» GOAL OF THE EXERCISE
Leave the pictures out and reproduce all the entries word for word.

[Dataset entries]
-------------------------

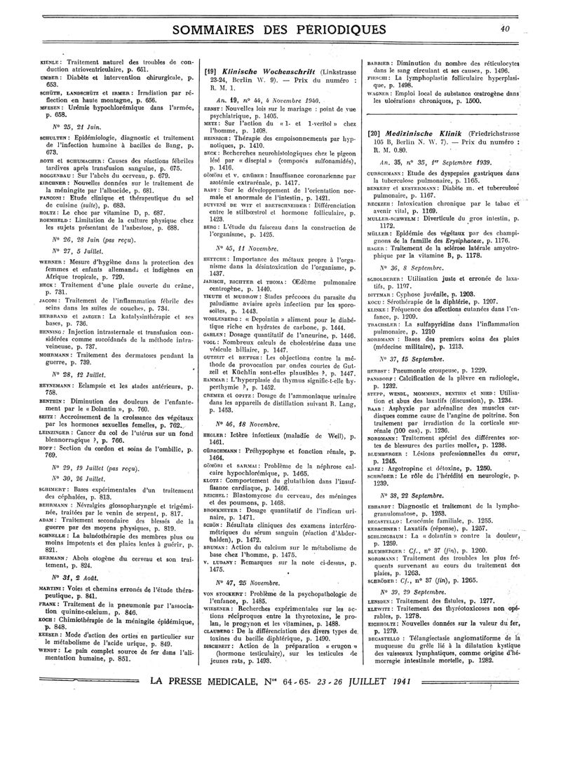 1941, Sommaires des périodiques. -
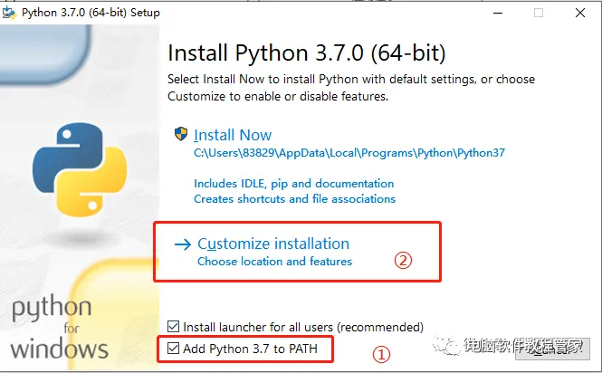 4.先勾选【Add Python 3.7 to PATH】,然后点击【Customize installation】
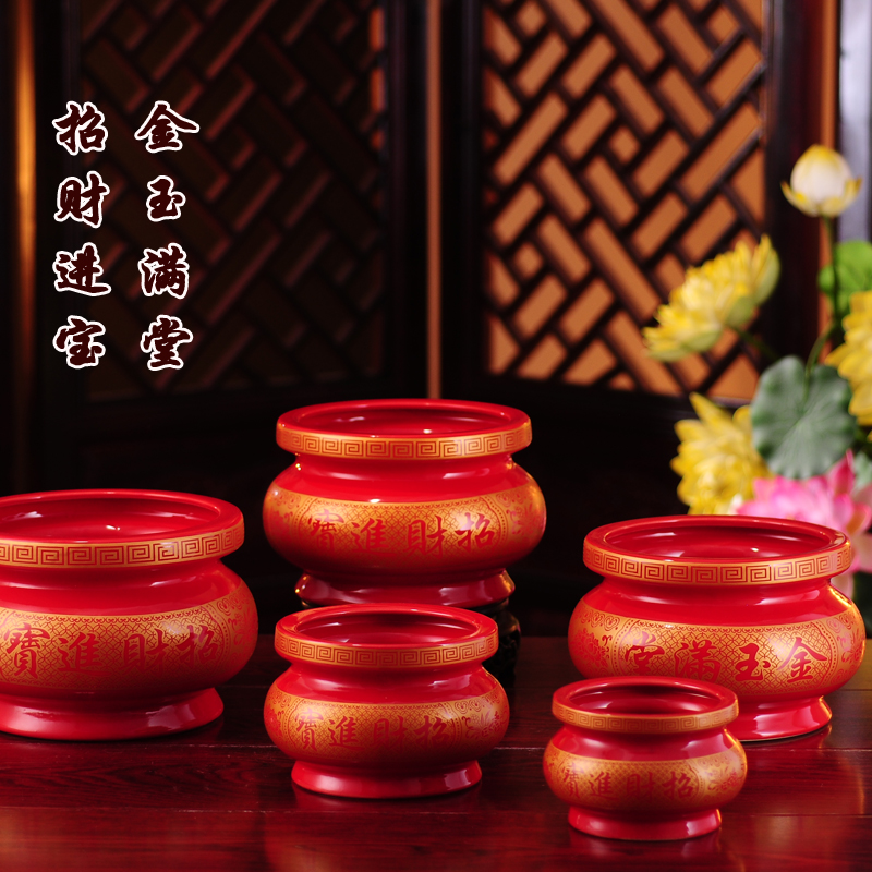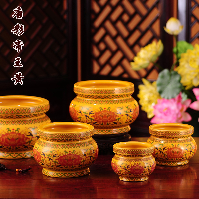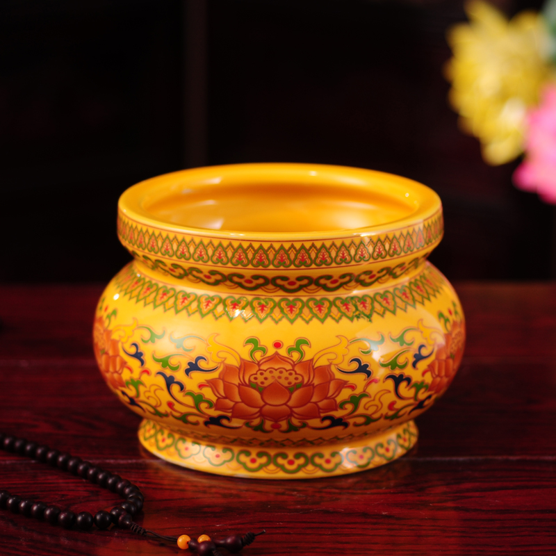 陶瓷招财进宝金玉满堂上香炉佛具用品唐彩财神爷插香烧香家居摆件
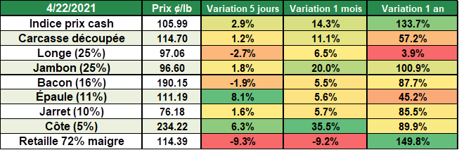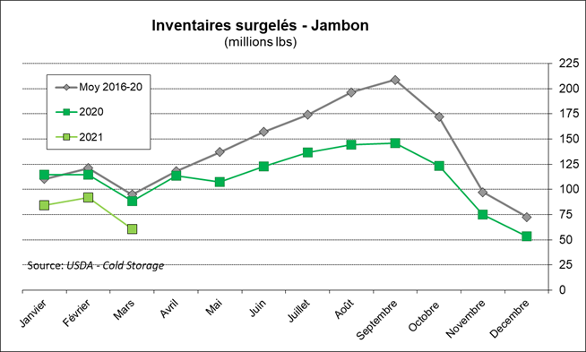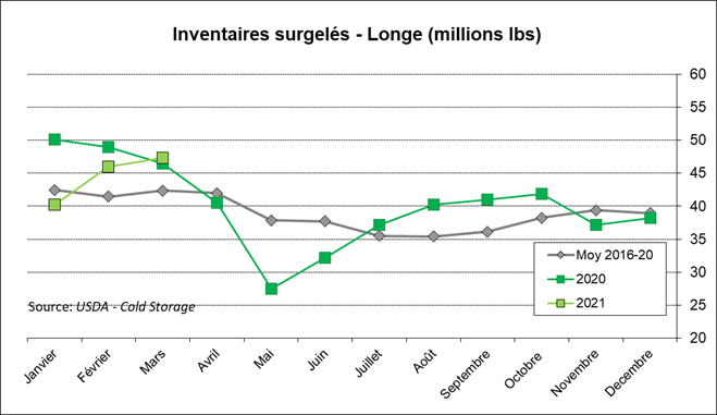 Les inventaires de bacon sont très faibles (-55% vs 2020) ce qui est très favorable pour le prix considérant la forte demande estivale qui est à nos portes. L’ensemble des coupes de porc sont environ 30% en-dessous des quantités de l’an dernier, à l’exception du la longe de porc qui est stable à près de 50 millions lbs.
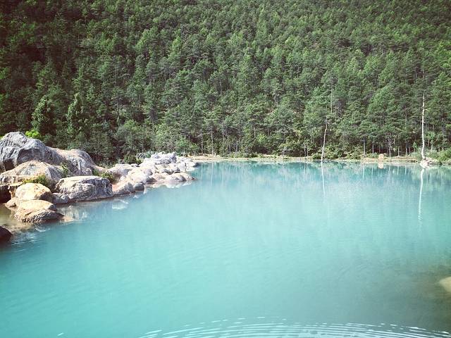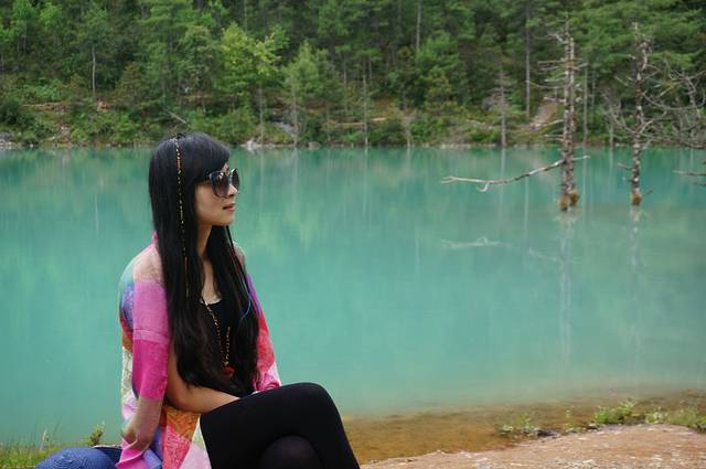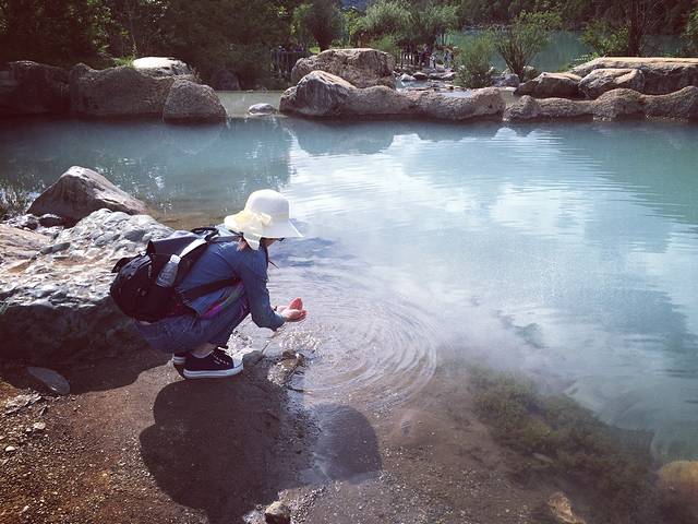 去雪山之前,为了等缆车安排时间(建议去雪山还是跟团,因为自己买票排队缆车,非常耗时),导游让我们先去逛蓝月谷,无比英明的导游啊,别的团都是游完雪山再去蓝月谷的,最后根本没心情玩,雪山下来再加高原反应,哪里有心情和体力玩。蓝月谷号称小九寨沟,真的是不虚此名,蓝绿色的湖面印着雪山和白云,静静的就在你面前展开,如果不是赶时间,可以慢慢的游一天。我们因为只有一个半小时的时间,所以就拼命拍照了,没有好好感受这里的好风景。不过我还是在蓝月谷洗了下手,水很凉很轻透,哈哈。

-------------------------

» EXPECTED ANSWER
 1941, Sommaires des périodiques. -
 4.先勾选【Add Python 3.7 to PATH】,然后点击【Customize installation】
 陶瓷招财进宝金玉满堂上香炉佛具用品唐彩财神爷插香烧香家居摆件
 Les inventaires de bacon sont très faibles (-55% vs 2020) ce qui est très favorable pour le prix considérant la forte demande estivale qui est à nos portes. L’ensemble des coupes de porc sont environ 30% en-dessous des quantités de l’an dernier, à l’exception du la longe de porc qui est stable à près de 50 millions lbs.
 去雪山之前,为了等缆车安排时间(建议去雪山还是跟团,因为自己买票排队缆车,非常耗时),导游让我们先去逛蓝月谷,无比英明的导游啊,别的团都是游完雪山再去蓝月谷的,最后根本没心情玩,雪山下来再加高原反应,哪里有心情和体力玩。蓝月谷号称小九寨沟,真的是不虚此名,蓝绿色的湖面印着雪山和白云,静静的就在你面前展开,如果不是赶时间,可以慢慢的游一天。我们因为只有一个半小时的时间,所以就拼命拍照了,没有好好感受这里的好风景。不过我还是在蓝月谷洗了下手,水很凉很轻透,哈哈。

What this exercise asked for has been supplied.